Disillusioned with the band's revolving lineup, bassist Geezer Butler quit Black Sabbath in November 1984 to form a solo band. "When Ian Gillan took over that was the end of it for me", Butler later said. "I thought it was just a joke and I just totally left. When we got together with Gillan it was not supposed to be a Black Sabbath album. After we had done the album we gave it to Warner Bros. and they said they were going to put it out as a Black Sabbath album and we didn’t have a leg to stand on. I got really disillusioned with it and Gillan was really pissed off about it. That lasted one album and one tour and then that was it."
Following Butler's exit, sole remaining original member Tony Iommi put Black Sabbath on hiatus, and began work on a solo album with keyboardist Geoff Nicholls. While working on new material, the original Black Sabbath lineup were offered a spot at Bob Geldof's Live Aid benefit concert; the band agreed, performing at the Philadelphia show, on 13 July 1985.
The event marked the first time the original lineup appeared on stage since 1978, and also featured reunions of The Who and Led Zeppelin.
Returning to his solo work, Iommi enlisted bassist Dave Spitz and drummer Eric Singer, and initially intended to use multiple singers, including Rob Halford of Judas Priest, ex-Deep Purple and Trapeze vocalist Glenn Hughes, and ex-Black Sabbath vocalist Ronnie James Dio.
"We were going to use different vocalists on the album, guest vocalists, but it was so difficult getting it together and getting releases from their record companies. Glenn Hughes came along to sing on one track and we decided to use him on the whole album."
The band spent the remainder of the year in the studio, recording what would become Seventh Star. Warner Bros. refused to release the album as a Tony Iommi solo release, instead insisting on using the name Black Sabbath. Pressured by the band's manager, Don Arden, the two compromised and released the album as "Black Sabbath featuring Tony Iommi" in January 1986. "It opened up a whole can of worms really," Iommi explained, "because I think if we could have done it as a solo album, it would have been accepted a lot more." Seventh Star, which sounded little like a Black Sabbath album, incorporated more hard rock elements popularised by the 1980s Sunset Strip hard rock scene, and was panned by the critics of the era, although later reviewers such as AllMusic gave the album favourable reviews, calling the album "often misunderstood and underrated".

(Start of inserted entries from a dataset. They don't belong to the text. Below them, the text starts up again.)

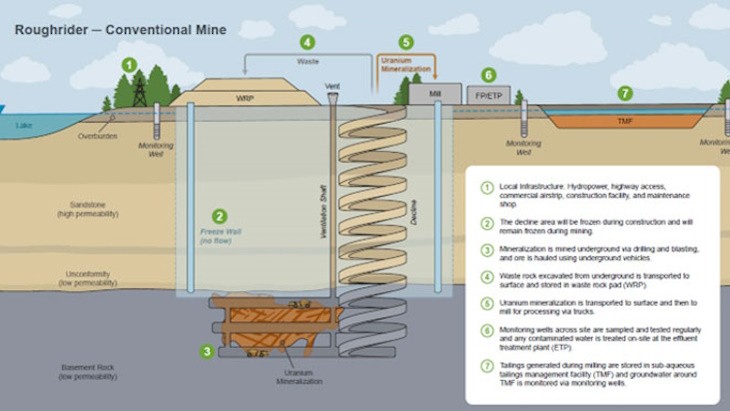 總部位于德克薩斯州科珀斯克里斯蒂的鈾能公司(UEC)近日公布了其位于薩斯喀徹溫省北部的鈾礦項目——Roughrider的初步經濟評估報告摘要。該報告預計,在九年的地下作業中,該項目將生產6120萬磅U3O8(相當于23,540噸鈾)。UEC于2022年以1.5億美元的價格從力拓手中收購了Roughrider項目。此次更新的SK 1300技術報告摘要顯示,指示類別的總資源量為2786萬磅U3O8,平均品位為1.81% U3O8;推斷類別的總資源量為3338萬磅U3O8,平均品位為2.45% U3O8。...
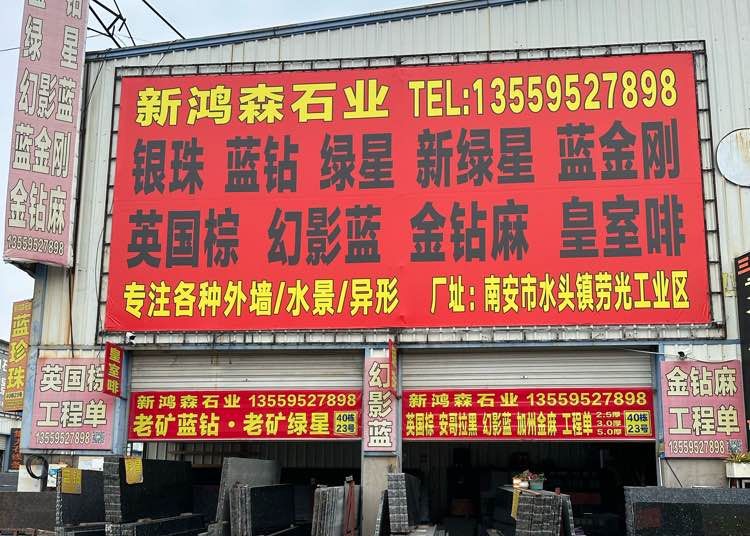 新鴻森石業(yè) 聯(lián)系人:李先生    135****7898 查看 135****7898 查看 主營(yíng)范圍: 大板批發(fā)、荒料、花崗巖加工、 企業(yè)地址:福建南安建材市場(chǎng)40棟23號(hào)
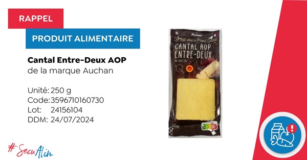- uncooked firm cheese Cantal Entre-Deux AOP (250 g) from the Auchan brand, with the expiry date 24/07/2024 and sold between 7 June and 4 July 2024.
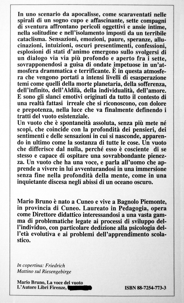 Sono gli slanci emotivi originati da tutto il contesto di una realtà fattasi irreale che si riconoscono, con dolore e prepotenza, nella luce che va finalmente definendo i tratti di un remoto vuoto esistenziale.
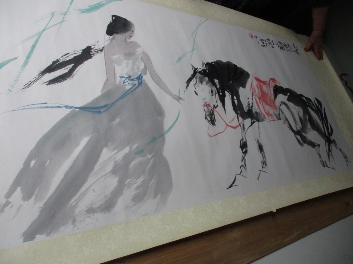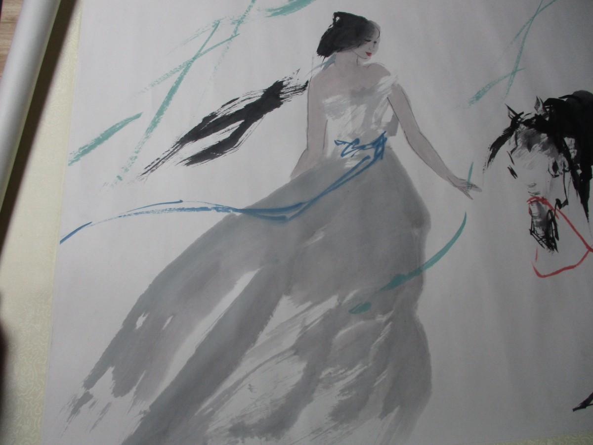Chinese Art On Silk Paper Approx 70" x 32 1/2" - A
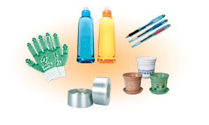 PETボトル再利用品の数は年々増えており、衣料関連、台所・清掃用品、園芸用品、インテリア品、文房具、収集・包装容器、産業土木・建築資材、梱包バンドなどに生まれ変わっています。詳しくはPETボトルリサイクル推進協議会発行再利用品カタログまたはホームページをご覧ください。 |
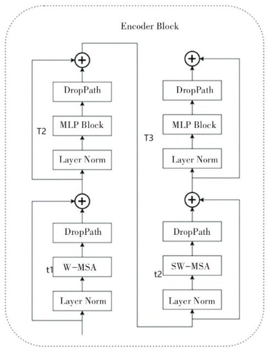 where t1 and T2 denote the characteristic maps of the W−MSA module and the MLP output of the next module thereof, and t2 and T3 denote the characteristic maps of the SW−MSA module and the MLP output of the next module thereof.
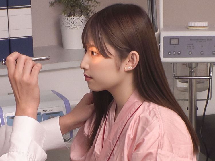 美女の豊かな乳房を揉み乳首をつまむセクハラ検診
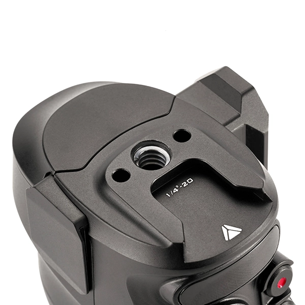 ハンドルには1/4″-20ネジ穴があり、ショルダーリグのセットアップに直角ロゼットアダプターを取り付けるのに最適です。
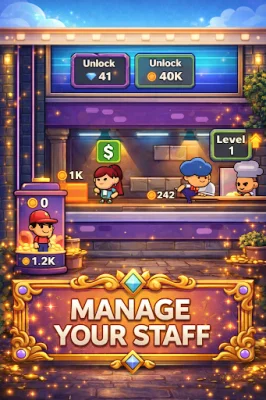 With top game features like building your restaurant empire, hiring and managing staff, earning idle profits and offline income, and making strategic upgrades, this game offers a unique and immersive experience. Start with a single location and expand your territory by reinvesting your earnings into new franchises across the city. Unlock various dining establishments, from cozy coffee shops to luxury dining, each with its own challenges and wealthier customers. And don't forget to hire skilled staff, including master chefs and efficient waiters, to ensure the success of your restaurant.
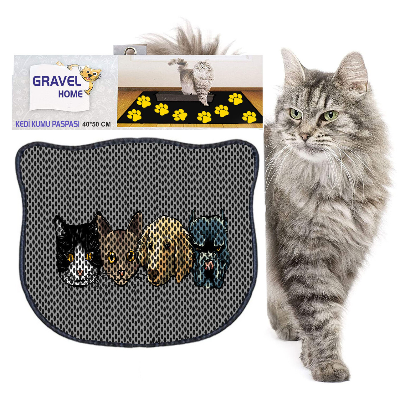 Covoras litiera pentru colectarea granulelor de nisip, Paws & Whiskers, Kdkafa0022, 50% PVC/50% poliester, Multicolor
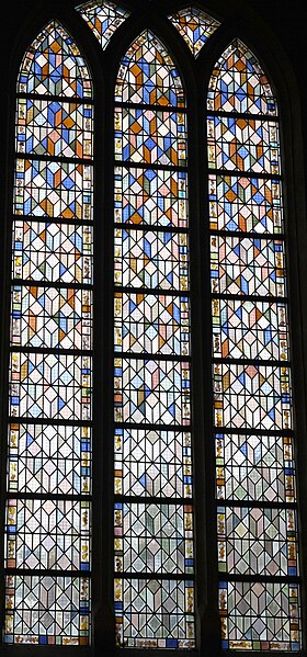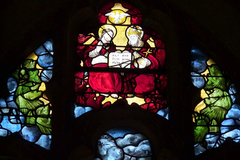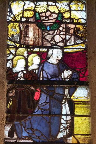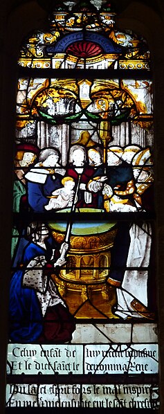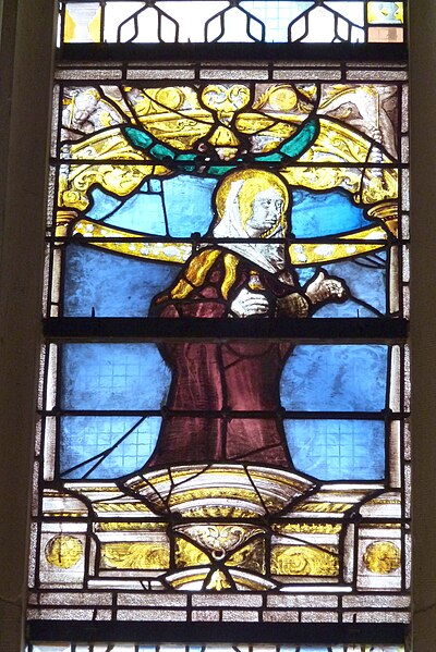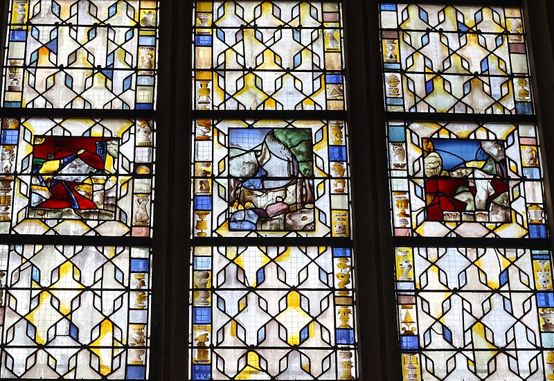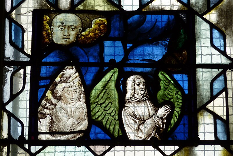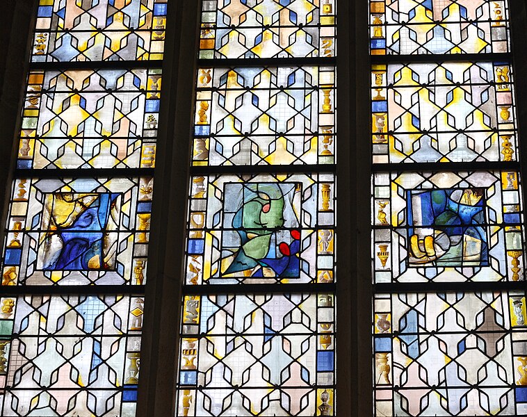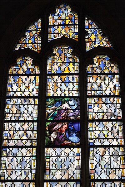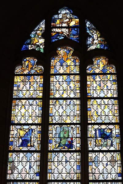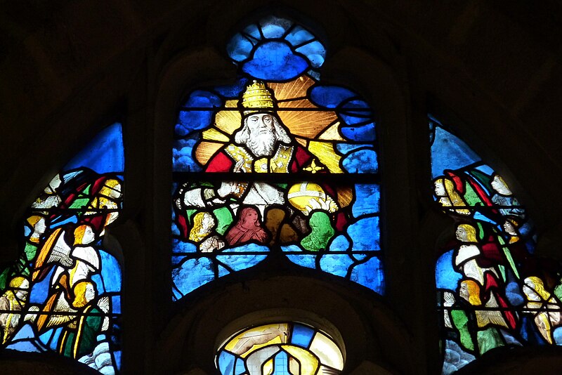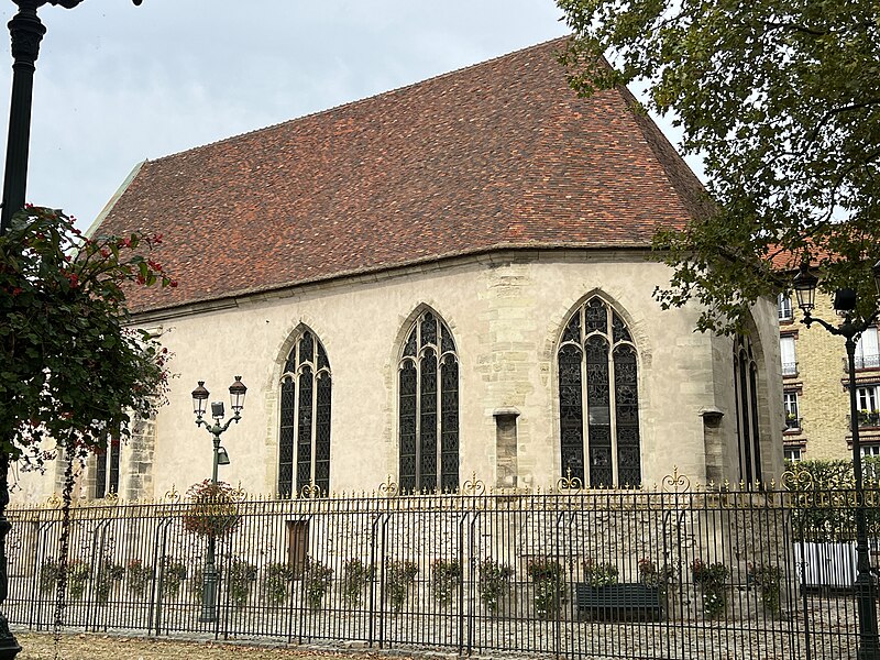 Plusieurs vitraux du XVIe siècle ornant l'église ont été inscrits à l'inventaire des monuments historiques en 1886. Ils représentent notamment la Vie de saint René d'Angers (parfois appelée Vie de saint Maurille), l'Assomption de la Vierge (datée de 1558 et offerte par un boucher de Puteaux), la Pentecôte (attribuée au verrier Jacques Rousseau et éventuellement datable de 1558), ainsi que des compositions comme un Calvaire et une Adoration des bergers. Le vitrail du Baptême du Christ a disparu.

The new lineup rehearsed for six weeks, preparing for a full world tour, although the band were again forced to use the Black Sabbath name. "I was into the 'Tony Iommi project', but I wasn't into the Black Sabbath moniker," Hughes said. "The idea of being in Black Sabbath didn't appeal to me whatsoever. Glenn Hughes singing in Black Sabbath is like James Brown singing in Metallica. It wasn't gonna work". Just four days before the start of the tour, vocalist Glenn Hughes got into a bar fight with the band's production manager John Downing which splintered the singer's orbital bone. The injury interfered with Hughes' ability to sing, and the band brought in vocalist Ray Gillen to continue the tour with W.A.S.P. and Anthrax, although nearly half of the US dates would eventually be cancelled because of poor ticket sales.
One vocalist whose status is disputed, both inside and outside Black Sabbath, is Christian evangelist Jeff Fenholt. He has insisted that he was a singer in Black Sabbath between January and May 1985. Tony Iommi has never confirmed this, as he was working on a solo release that was later named as a Sabbath album. Fenholt gives a detailed account of his time with Iommi and Sabbath in Garry Sharpe-Young's book Sabbath Bloody Sabbath: The Battle for Black Sabbath.